“I would agree it deserved more and the paper was GOP heavy,” Butler said, responding to a Nicholas Delmenico post alleging the ProJo isn’t offering fair and ample coverage to Democratic presidential candidate Bernie Sanders.
“Though you must admit the GOP race has been much newsier – for better or for worse,” he added.
“Please note that Bernie Sanders’ caucus wins were mentioned in the second paragraph of the A1 Sunday AP roundup on the primaries,” Butler wrote in an email to RI Future. “Note that the lead story in the Monday paper was on the Clinton-Sanders debate.”
Butler, whose full email you can read here, said, “There is no blackout of the Dems.” Delmenico’s post does not allege a blackout of Democrats, but rather of Bernie Sanders.
Sanders supporters have grown more vocal recently about what they see as unfair treatment of their candidate from the so-called “mainstream media” a colloquialism for the large, influential and in most cases for-profit corporations that Americans rely on to become educated about their government.
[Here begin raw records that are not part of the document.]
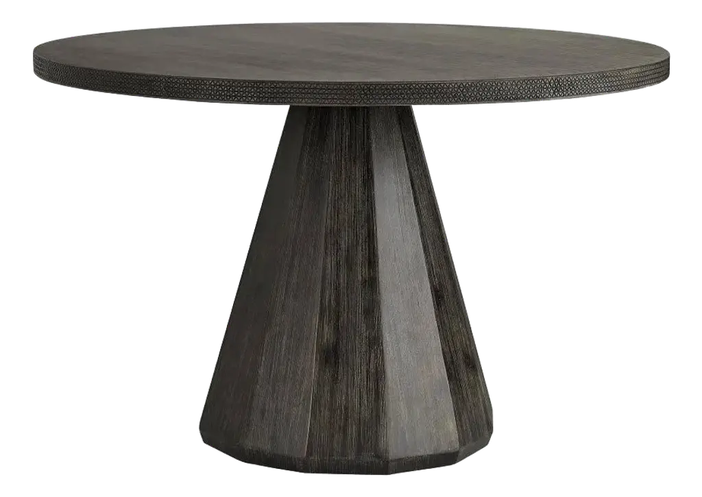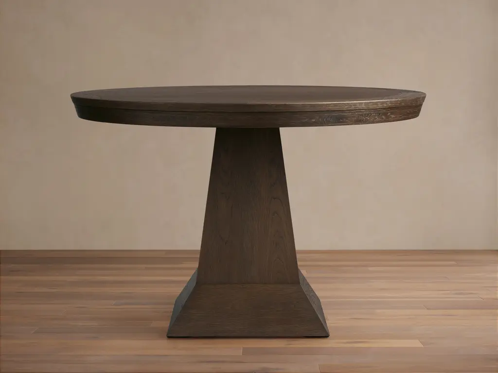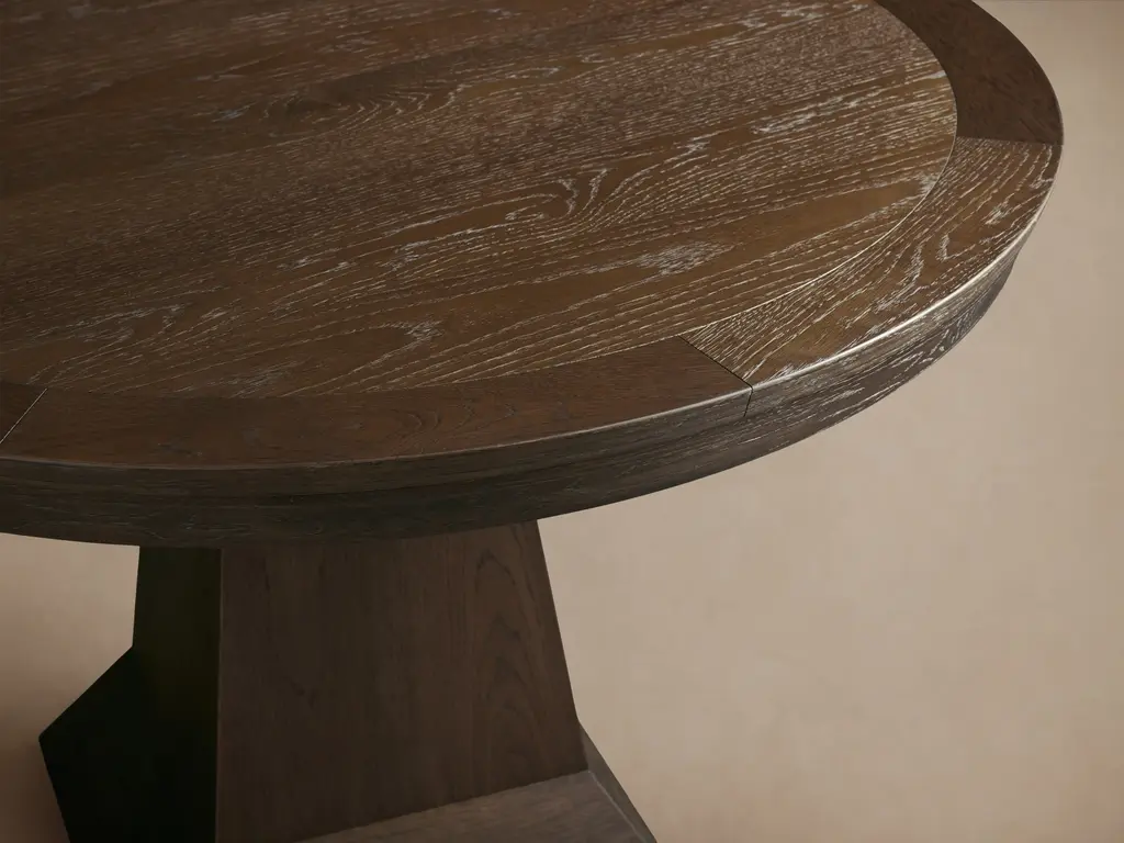 Handcrafted with a transitional pedestal design, our Leighton Dining Collection is finished and distressed by hand, highlighting the natural graining of the wood. Using the included extension leaves, Leighton’s exclusive rack-and-pinion extension gear system allows the table’s surface to expand so more people can comfortably gather around to share food, spirits, and conversation.
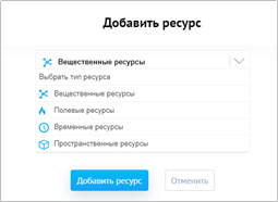 В верхней части окна присутствуют две кнопки: «+ Ресурс» и «Менеджер ресурсов». При нажатии на кнопку «Ресурсы» открывается окно «Добавить ресурс».
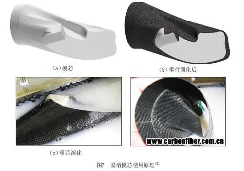 易溶模具是指采用在某種溶劑中易于溶解的材料運用澆鑄法或模壓法制成空心或實心的模具。復合材料構件依賴這種模具成型后,從開口處通入合適溫度的溶劑,使模具材料溶解進而從構件中流出。低溶鹽和石膏是常用的芯模材料。另外,水溶性型芯材料也可由粘結劑和陶瓷填料組成,粘結劑為有機高分子材料,具有脫水固化、遇水溶解的可逆特性;陶瓷填料由氧化鋁和高嶺土組成,陶瓷料漿的固相體積分數(shù)使粘結劑具有良好的水溶性和高的熱分解溫度[7]。圖7為易容模芯的使用原理。
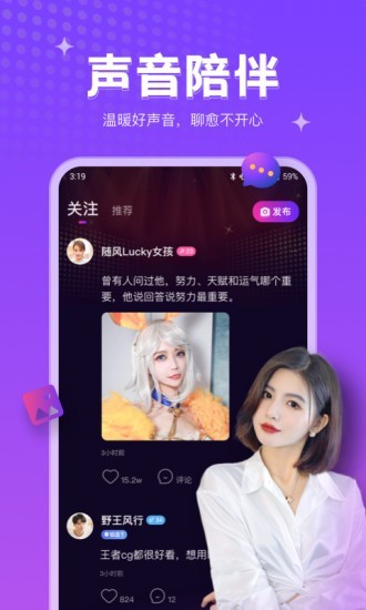 5、语音交谈:多人语音连麦房间,唱歌热舞、游戏互动、处cp......声优陪你玩,一起畅聊,开心畅听。
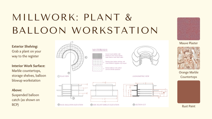 Eden Florals is a retail florist design imagined for Bell Works, the revitalized “Metroburb” in Holmdel, New Jersey. Informed by my years working as a florist, the design honors both the artistry and labor behind floral work—an inspiring environment that uplifts the senses and is thoughtful of the everyday tasks of the craft. The space merges the precise and geometric Bauhaus architecture of Bell Works with freeform, organic lines found in nature; marrying structure with softness. Every element of Eden Florals aims to provide a smooth, functional flow for its employees as well as an immersive and inviting shopping experience for its customers.
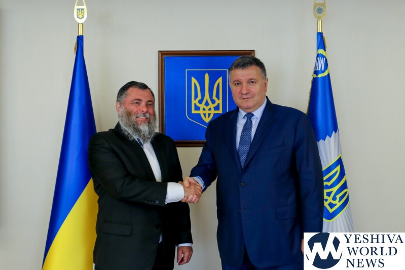 On Monday, 22 Iyar, Ukrainian Minister of Internal Affairs Arsen Avakov met with Rabbi Jonathan Markowitz, Chief Rabbi of Kiev, in the Ministry offices. Avakov orchestrated the meeting following a vicious wave of blatant anti-Semitic incidents in Ukraine which has become serious cause for concern among Jews in Ukraine, and specifically in capital Kiev. Tensions have been building up to the point that last week, in a protest staged in Odessa, extremist “Right Sector” leader Tatiana Soykina called publicly for the expulsion of Jews from the country.
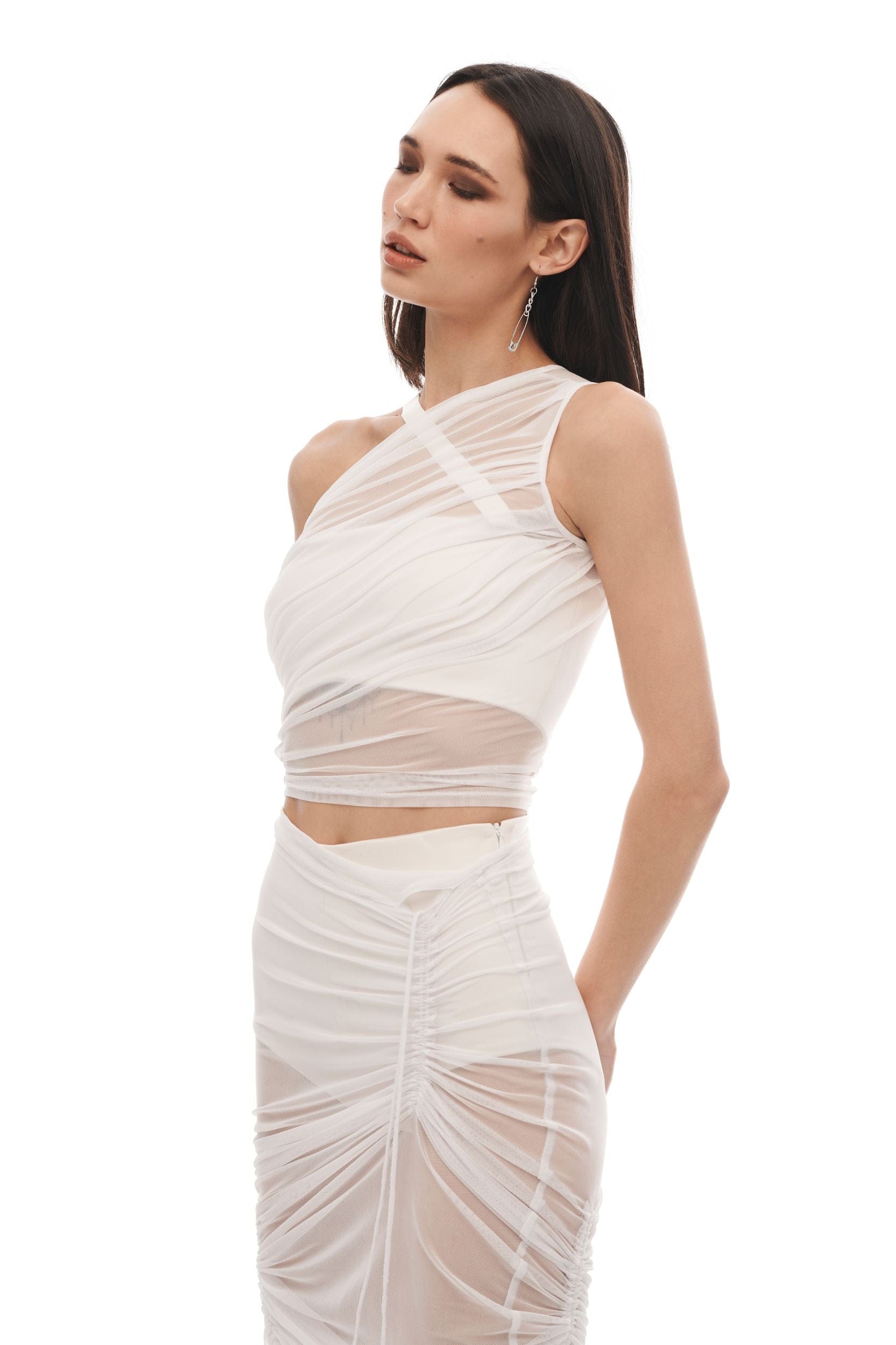 A willful spirit artfully captured in a one-shoulder top, Veil in white orchestrates a devilish demeanor confident that you’re going to keep coming back to it.
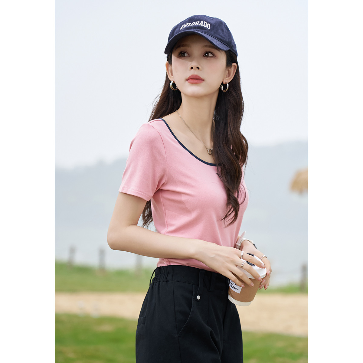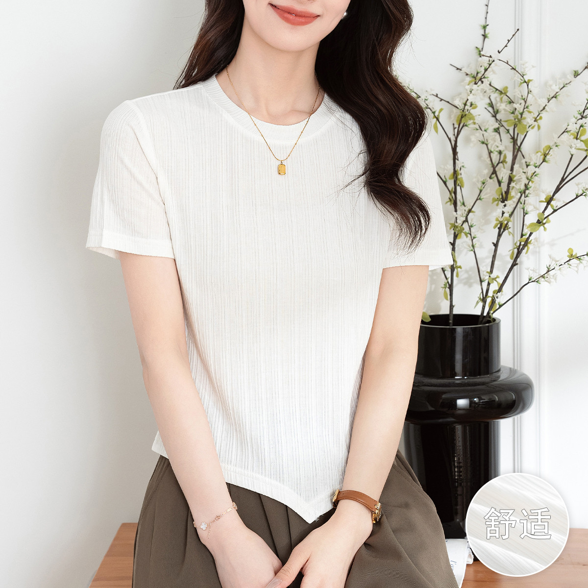 【气质优雅】夏季爆款圆领短袖T恤女修身透气百搭纯色微弹上衣女 617089
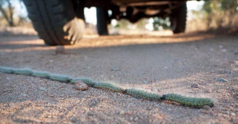 北京时间9月6日消息,据国外媒体报道,英国游客杰米-鲁尼(Jamie Rooney)在南非克鲁格国家公园游玩时,捕捉到一个令人难以置信的瞬间:136只毛毛虫排成17英尺(约合5.18米)长的整齐队列横过一条公路。
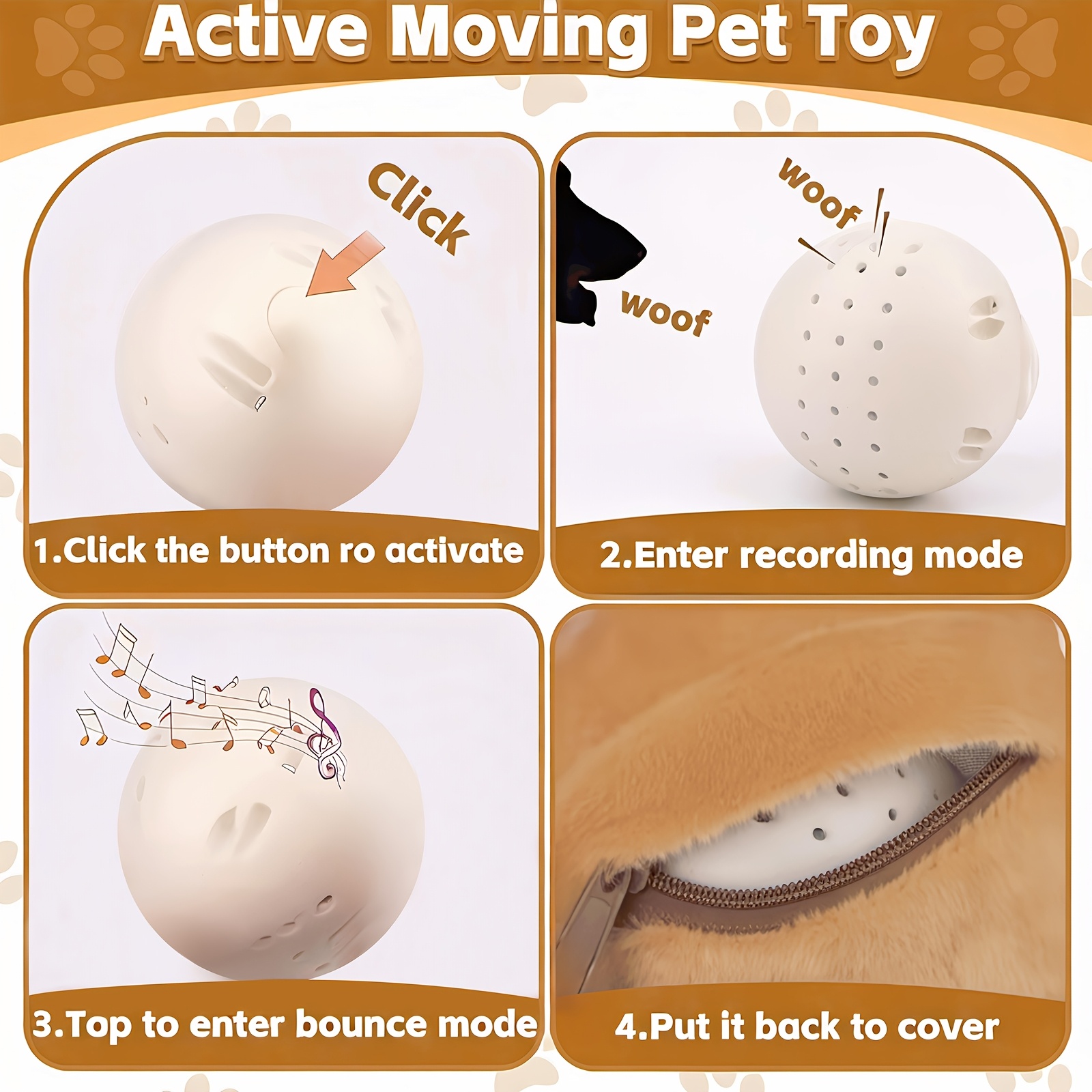 This interactive pet toy ball is designed to bounce and produce sound during play. The rechargeable design supports repeated use without disposable batteries. A washable outer surface helps with routine cleaning after use. Built-in sound and recording modes provide varied play interaction in a compact form.
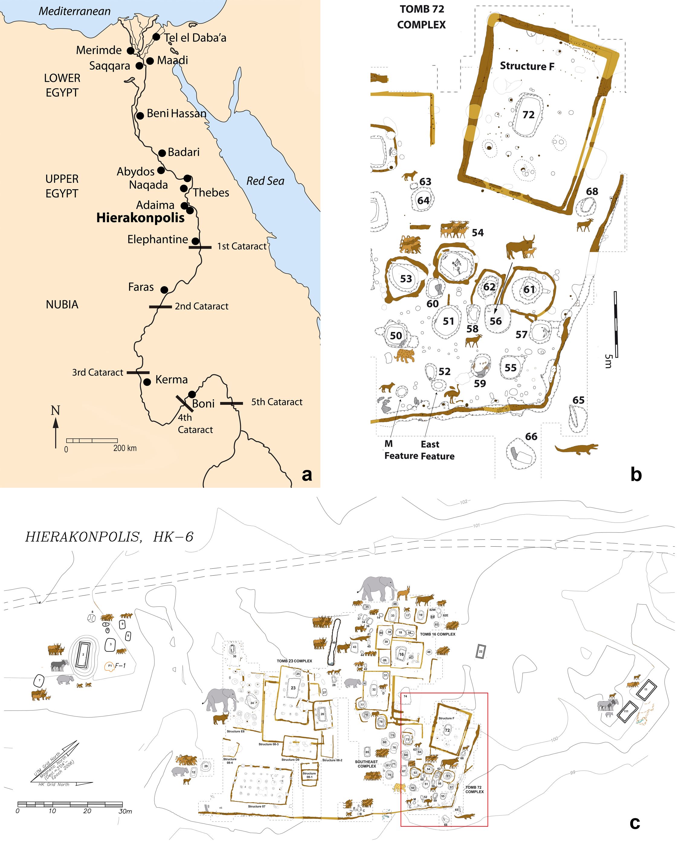 Op de elitebegraafplaats werden behalve notabelen maar liefst 180 dieren begraven. Een vijfde ervan zijn wilde dieren, zoals lokale nijlpaarden en krokodillen, maar ook bavianen en olifanten die uit het zuiden waren ingevoerd. Archeologen groeven er ook veel katten, honden en vee op. Hierakonpolis is door zijn hoeveelheid en variëteit aan dieren uniek, en is meteen ook de oudste dierentuin.

Delmenico insinuated the Providence Journal has not adequately covered Bernie Sanders because it is owned by a corporation with ties to Wall Street.
Others have said too many media organizations include superdelegate campaign promises when comparing Hillary Clinton and Sanders delegate totals. Superdelegates are party insiders that get a vote in who the presidential nominee is. They are known to change their mind. In fact, they are known to change their mind against Hillary Clinton, who eight years ago held a similar superdelegate advantage over Barack Obama before many switched to support the eventual nominee.
Clinton has won 671 delegates to Sanders’ 476. But, according to the New York Times, Clinton also has 458 superdelegates who have said they will vote for her compared to 22 for Sanders.